Every line from the one with "di famiglie, accolte" through the end of the material below, both ends included, should be transcribed exactly, without pictures.

Information provided
+-------+
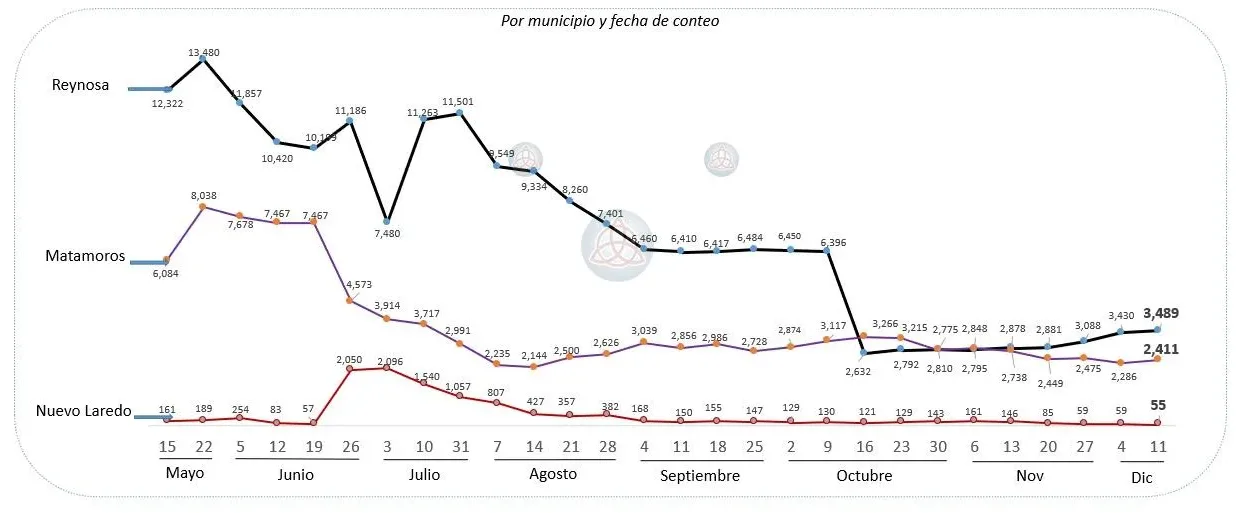 Detalló que en Matamoros, hay seis albergues con un total de 2411 migrantes; En Reynosa son 8, con un total de 3489 personas; Mientras que Nuevo Laredo tiene 3 puntos de concentración con 55 migrantes.
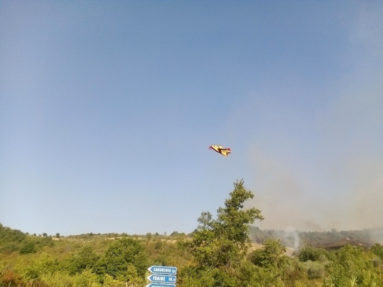 di famiglie, accolte da altri compaesani in abitazioni più distanti dal fronte del fuoco. Uno dei canadair è dovuto intervenire altrove, lungo la fondovalle Trigno per un altro rogo appiccato tra Schiavi di Abruzzo e Poggio Sannita. Adesso, da pochi minuti, è rientrato e sta effettuando, unitamente all’altro aereo, decine e decine di lanci anche in prossimità dell’abitato. E’ vero disastro. Ho avuto paura, non lo nego. Bisogna trovare il bastardo che ha provocato tutto questo inferno di fuoco. Non si rende conto dei danni che ha provocato. La nostra pineta completamente incenerita e anche il ristorante è stato distrutto in buona parte. Un inferno di fuoco, mai visto nulla di simile».
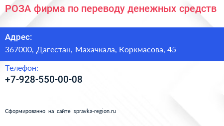 РОЗА, фирма по переводу денежных средств по адресу 367000, Дагестан, Махачкала, Коркмасова, 45 в дальнейшем Организация, размещена в следующих категориях:
+-------+
Solved exercise
 di famiglie, accolte da altri compaesani in abitazioni più distanti dal fronte del fuoco. Uno dei canadair è dovuto intervenire altrove, lungo la fondovalle Trigno per un altro rogo appiccato tra Schiavi di Abruzzo e Poggio Sannita. Adesso, da pochi minuti, è rientrato e sta effettuando, unitamente all’altro aereo, decine e decine di lanci anche in prossimità dell’abitato. E’ vero disastro. Ho avuto paura, non lo nego. Bisogna trovare il bastardo che ha provocato tutto questo inferno di fuoco. Non si rende conto dei danni che ha provocato. La nostra pineta completamente incenerita e anche il ristorante è stato distrutto in buona parte. Un inferno di fuoco, mai visto nulla di simile».
 РОЗА, фирма по переводу денежных средств по адресу 367000, Дагестан, Махачкала, Коркмасова, 45 в дальнейшем Организация, размещена в следующих категориях:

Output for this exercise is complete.